Now if they could just do something about their actual performance on the floor...
• Ben Simmons laid a gigantic egg in Game 1, and he made matters worse by clapping back at the fans for booing the team during a poor performance. Sunday afternoon, he changed his tune.
"It's Philly, that's what's gonna happen. I mean I love it, that's how Philly is. You can play or you can't, they're going to give you shit and they talk shit, it is what it is," Simmons said on Sunday. "If you're not playing well, they're going to let you know, but I love being here. I love the fans here, I wouldn't want to be in a place where they didn't really care or only showed up when times were going well. A few years ago we were winning 10 games."
I think we can just let this controversy end here. I thought Simmons handled things the wrong way after the game on Saturday, but people say all sorts of wild stuff when they're upset. Simmons impact on Game 2 ranks much higher on the priority scale than whatever his thoughts on booing are.
• Jimmy Butler was the first player to meet with the media on Sunday afternoon, and he relayed a message that was agreed upon by everyone who spoke after him. Despite the loss, the Sixers appear to be in relatively good spirits.
Perhaps that's because the Sixers still believe they have the high-end talent to beat anyone when it matters, the Brooklyn Nets included. With some hoping for major changes or responses to what the Nets showed, Butler maintained that if the Sixers simply take care of their business in-house, they'll be okay.
"I would never put anything on the opposing team, only because if we do what we're capable of doing, if we're locked in and worry about ourselves, I think we give ourselves a good chance to win," Butler said. "When you focus in too much on what they bring to the table and what they have and forget about what we have to do, that's when you get in trouble."
•Amir Johnson came over and offered another statement on the cell-phone incident that he was fined for after the game Saturday, and I didn't expect anything less. Johnson may be an end-of-bench guy these days and a goofball in the locker room, but he generally takes his role as a veteran leader pretty seriously.

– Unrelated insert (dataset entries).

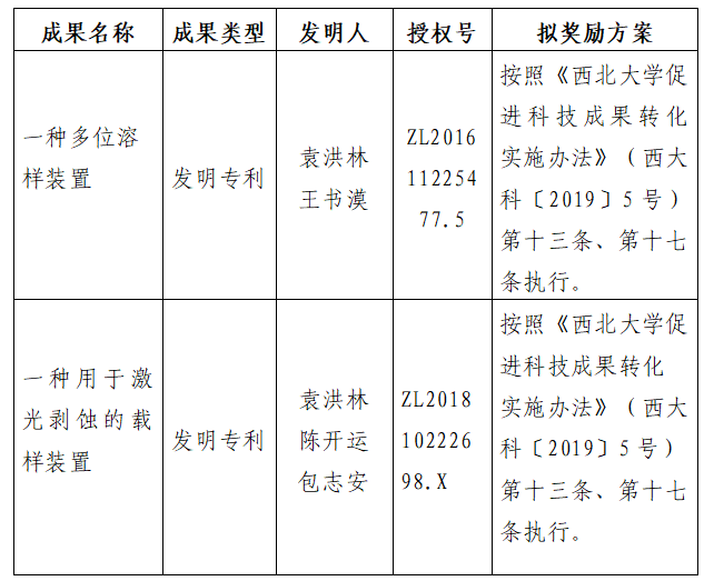 按照《广发体育促进科技成果转化实施办法》(西大科〔2019〕5号)相关规定,拟对广发体育地质学系袁洪林教授作为成果负责人的2项发明专利权实施转化,现将相关信息公示如下:
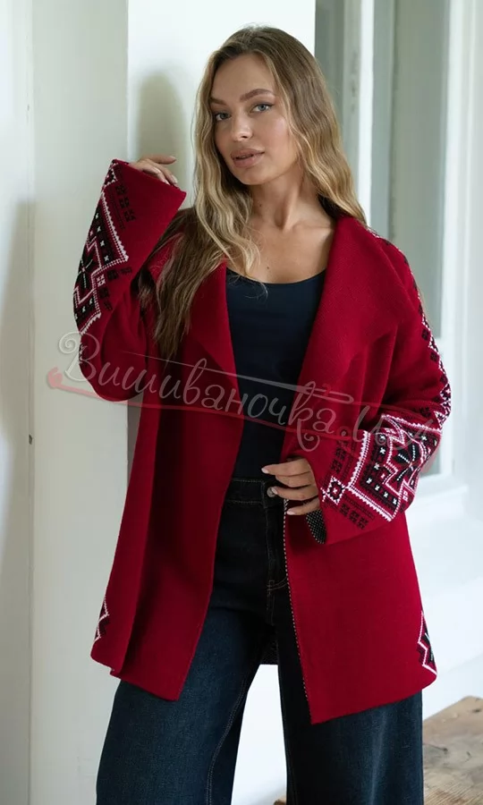 Вязаный жакет вишневого цвета 4143
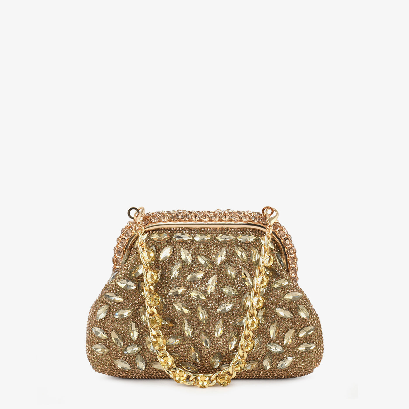 • Design: Frame clutch with embellished clasp and chain strap
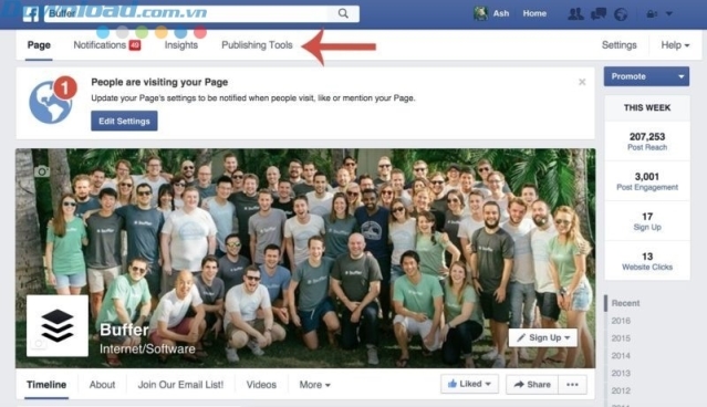Để tìm Thư viện Video, hãy tới trang của bạn và nhấp vào Publishing Tools.
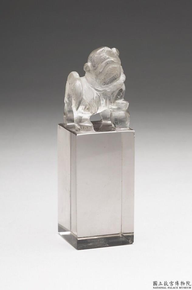 水晶,透明清澈,印身微似茶晶。印钮为一立雕狮子,瞠目咧嘴,头顶光滑,下颔有卷毛纹饰,兽身与尾作微卷长毛状,右前足踏一球,印面未刻。
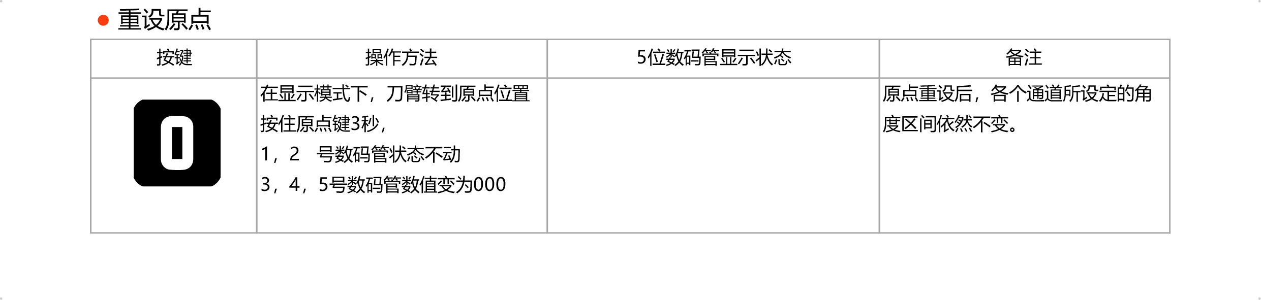 ● 可通过按键将任意位置设为原点,省去寻找调整原点位置的麻烦,消除因机械磨损产生的偏差。
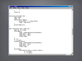 This document contains the code for various operations on singly linked lists in C language such as insertion, deletion, searching, counting, reversing, merging, and splitting nodes. It includes function definitions and main program to demonstrate a menu driven program to perform these operations and print the list. The functions work recursively to traverse the list and perform the desired operation by updating next pointers.
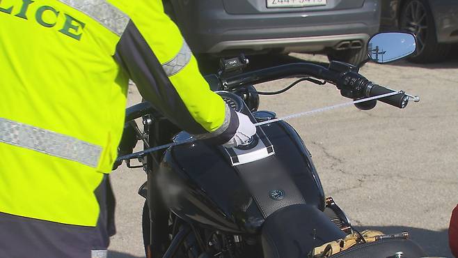 시선을 가장 끄는 건 유독 높아 보이는 오토바이 핸들입니다. 이른바 '만세 핸들'입니다. 이번에 적발된 오토바이의 경우, 제원표에 나온 높이보다 35㎝나 높았습니다. 차량의 구조나 장치를 변경하려면 자치단체의 승인을 받아야하는데, 승인없이 무단으로 개조했습니다.
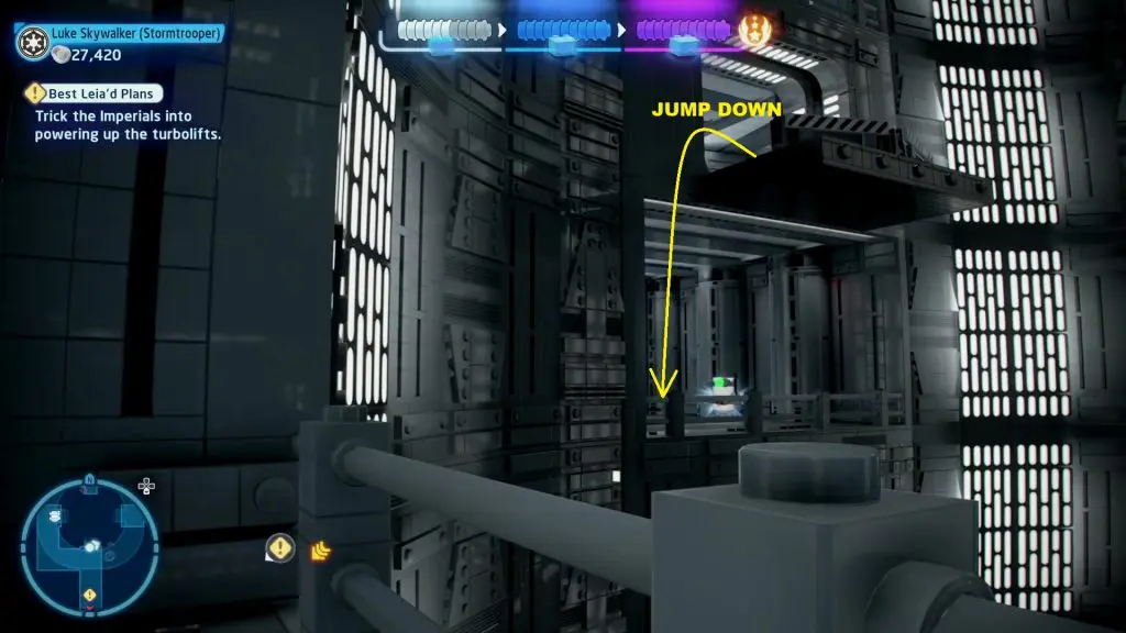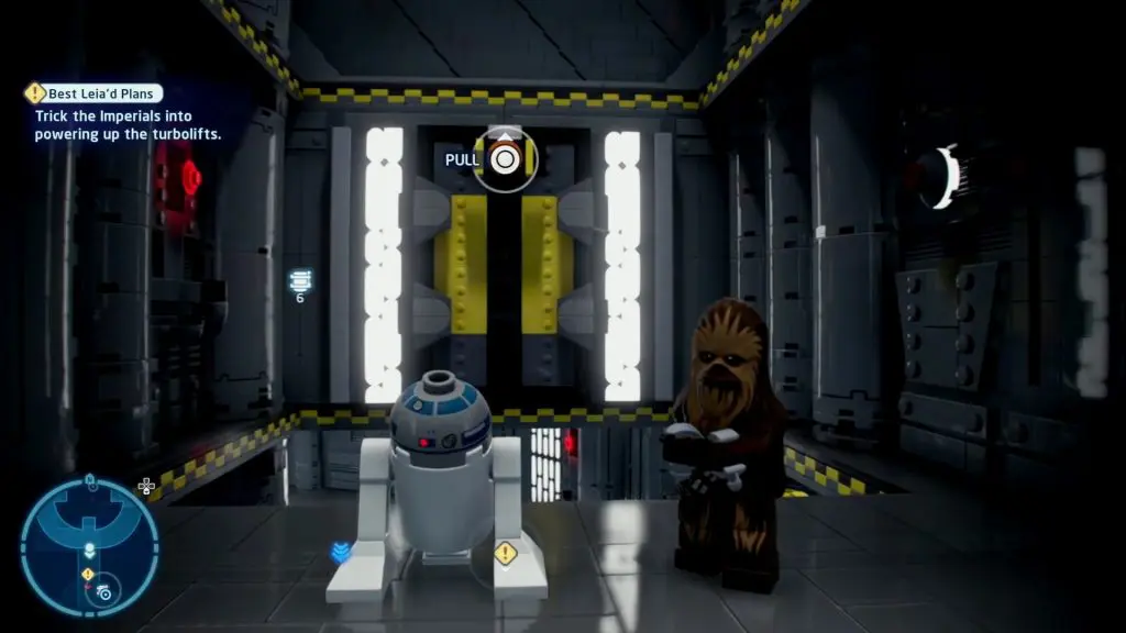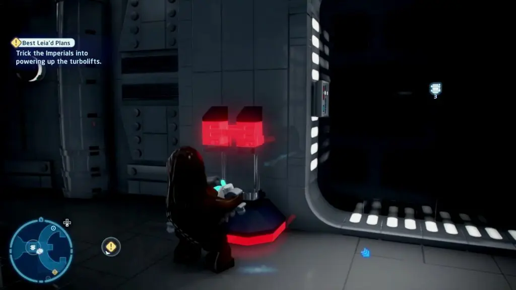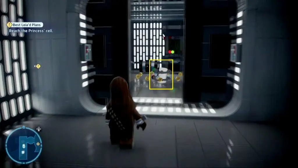 Go to the south side of the fourth floor. Then use a droid to pull open the door as shown in the picture below. Then proceed inside the room to find the third Mouse Droid. On destroying the three mouse droids, you will get a Minikit.
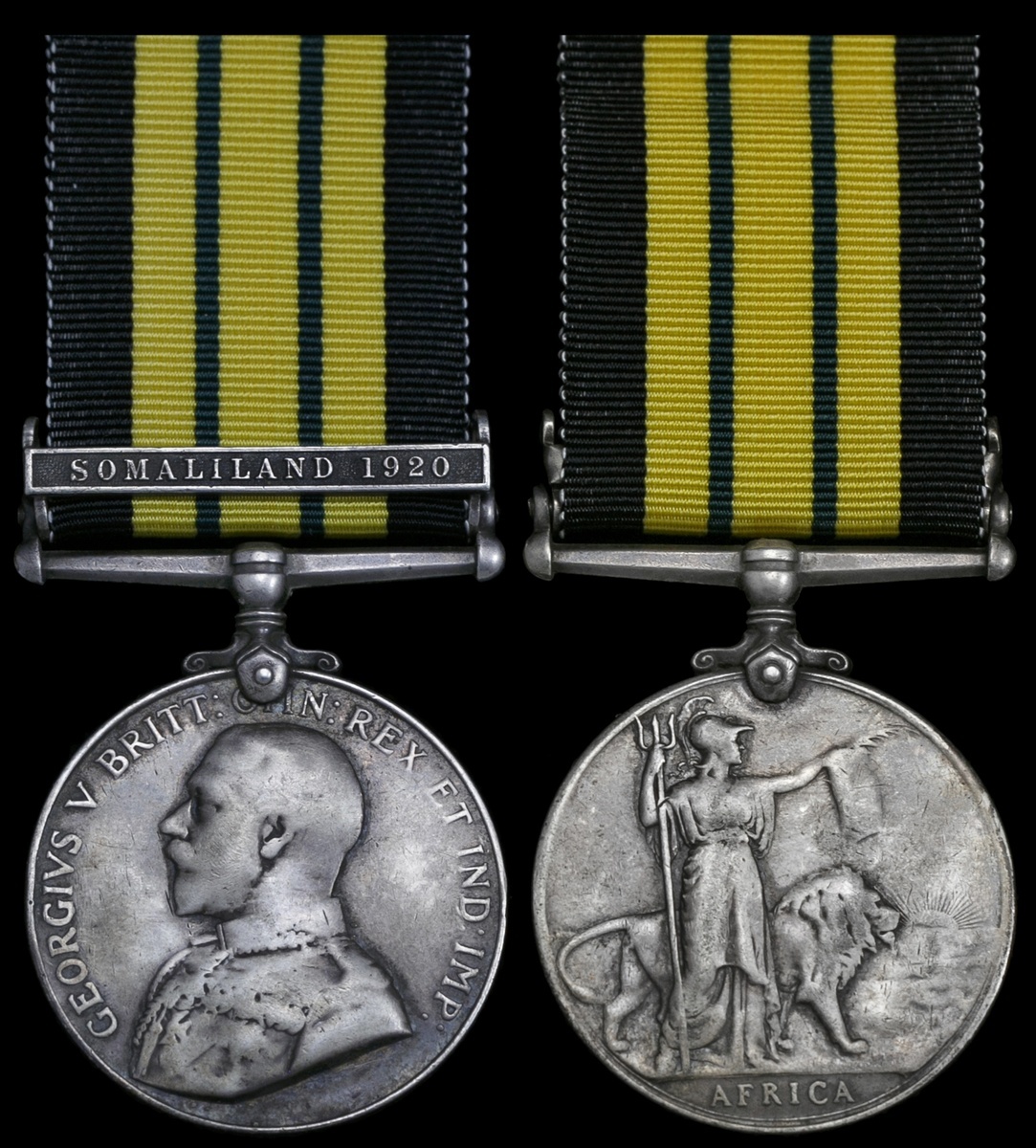 Great Britain. Africa General Service Medal, 1902-1956. George V. One clasp: "Somaliland 1920" (2 700 PTE. JANUARY 2 - K.A.RIF.). Confirmed on roll (copy of which included). Impressed. On ribbon. Well worn, Very Good.
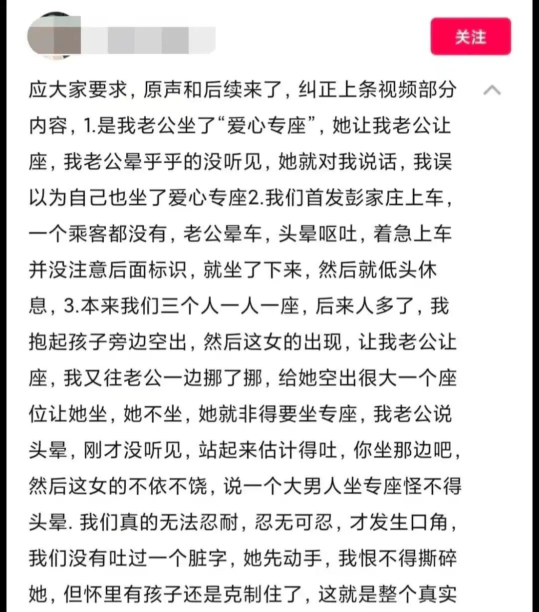 但是这个孕妇就是盯着男子屁股下的座位不放非要坐,看到男子不配合起身让座,开始冲着男子大喊:“爱心座位是留给孕妇和老人的,你一个大男人,你坐这里还要不要脸!”
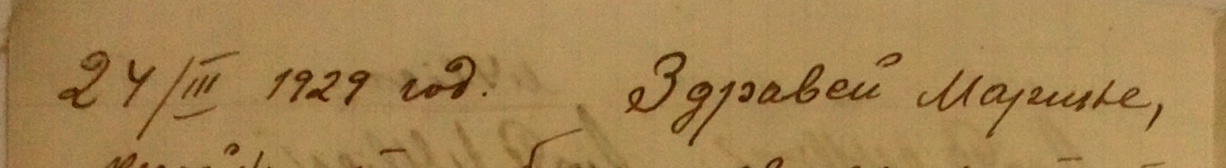 Едно писмо 27.03.1929 год. от Васил Маринов Кумитски /Васил Маринов Панов р.1907 г. – п.1973 г./ до Марин в Чехия.
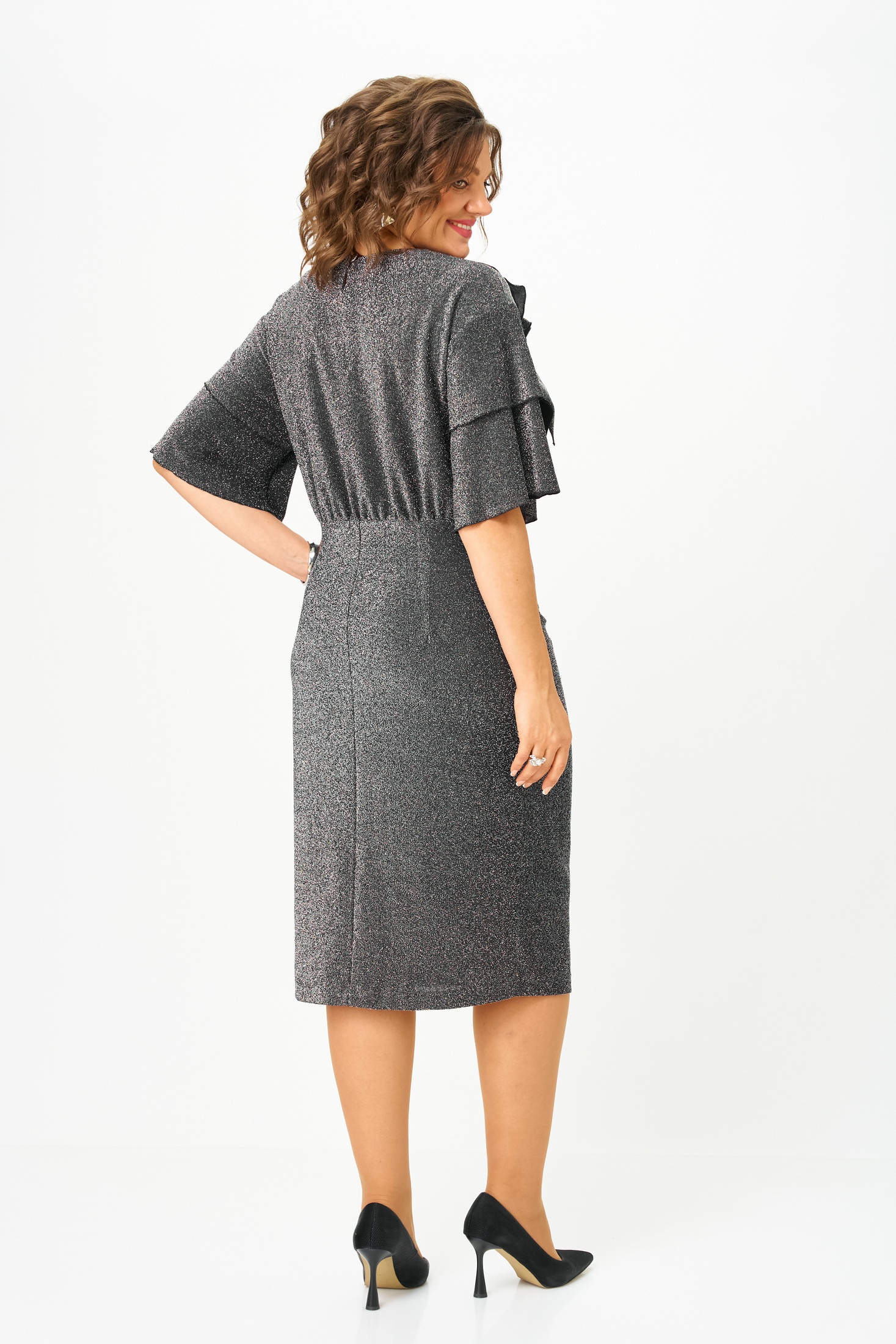 Платье 5628 Mira Fashion пленяет взгляд своим элегантным дизайном. Коллекция бренда прекрасно сочетает в себе изысканность и комфорт, подчёркивая вашу женственность. Изготовлено из трикотажного полотна с люрексом, что придаёт ткани лёгкий блеск и эластичность. Прямой силуэт и отрезной лиф с декором в виде цветка создают утончённый образ. Укороченные, расклешённые рукава с двумя воланами добавляют динамики и игривости. Это нарядное платье станет идеальным выбором для вечеринок и праздничных мероприятий. Его универсальный серый цвет позволяет комбинировать с различными аксессуарами и обувью.
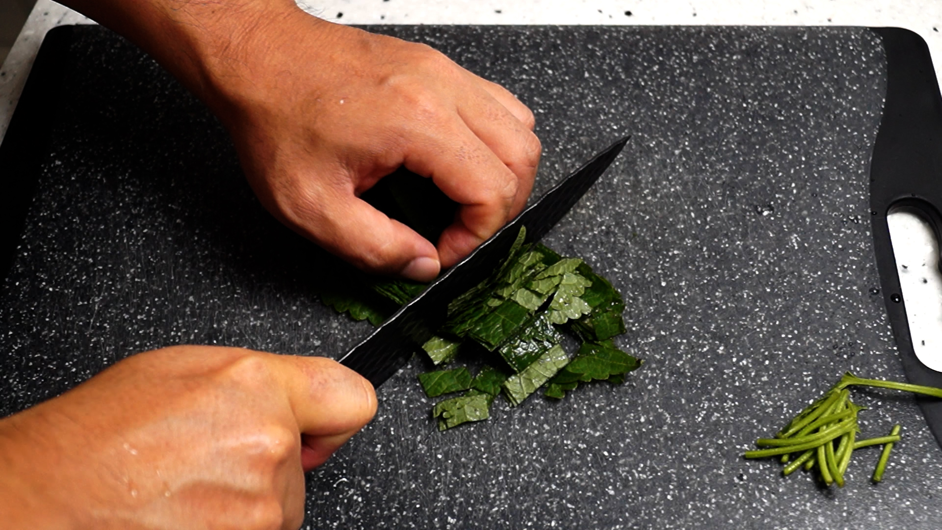 5. 깻잎 1단 14~16장 무게로 23~25g 정도 되는 양을 물에 10분 정도 불린후 씻어서 2cm 정도 크기로 썰어주세요.
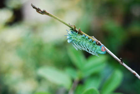 Leaf dwelling caterpillar in close up image
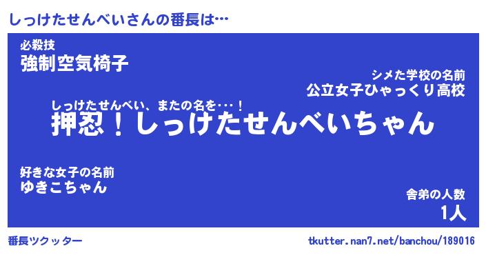 | ヒーロー風カッコイイあだ名 | 『スーパーシッケタセンベイ』 |
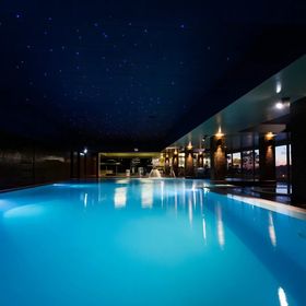 Kryty podgrzewany basen z nieregularnym kształtem, jacuzzi i sauna. Ręczniki dostępne za depozytem.
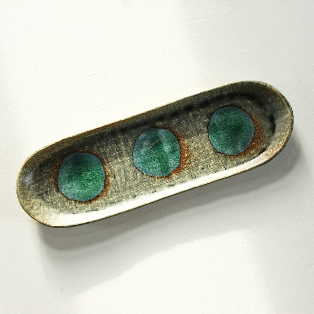 Eine längliche Keramikplatte mit unverwechselbarem Charakter. Die Long Ceramic Plate – Turquoise Circles verbindet eine dezente, leicht strukturierte Grundglasur mit drei kräftig türkisfarbenen Kreismotiven, deren feine Craquelé-Oberfläche für zusätzliche Tiefe sorgt.

Brown relayed that there was a more important message delivered by Johnson to the team on Sunday morning.
"Amir this morning came in early, knocked on my door and said, 'Coach, I want to be able to speak to the team with the coaching staff here.' And he did, he addressed the team before the day began. In my mind, there's not much more that can be done, we all understand there is zero place for that in our league or our organization.
As with Simmons above, not a whole lot else to talk about here. The basketball side is the critical piece, and the Sixers have a lot of room for improvement there after a Game 1 clunker.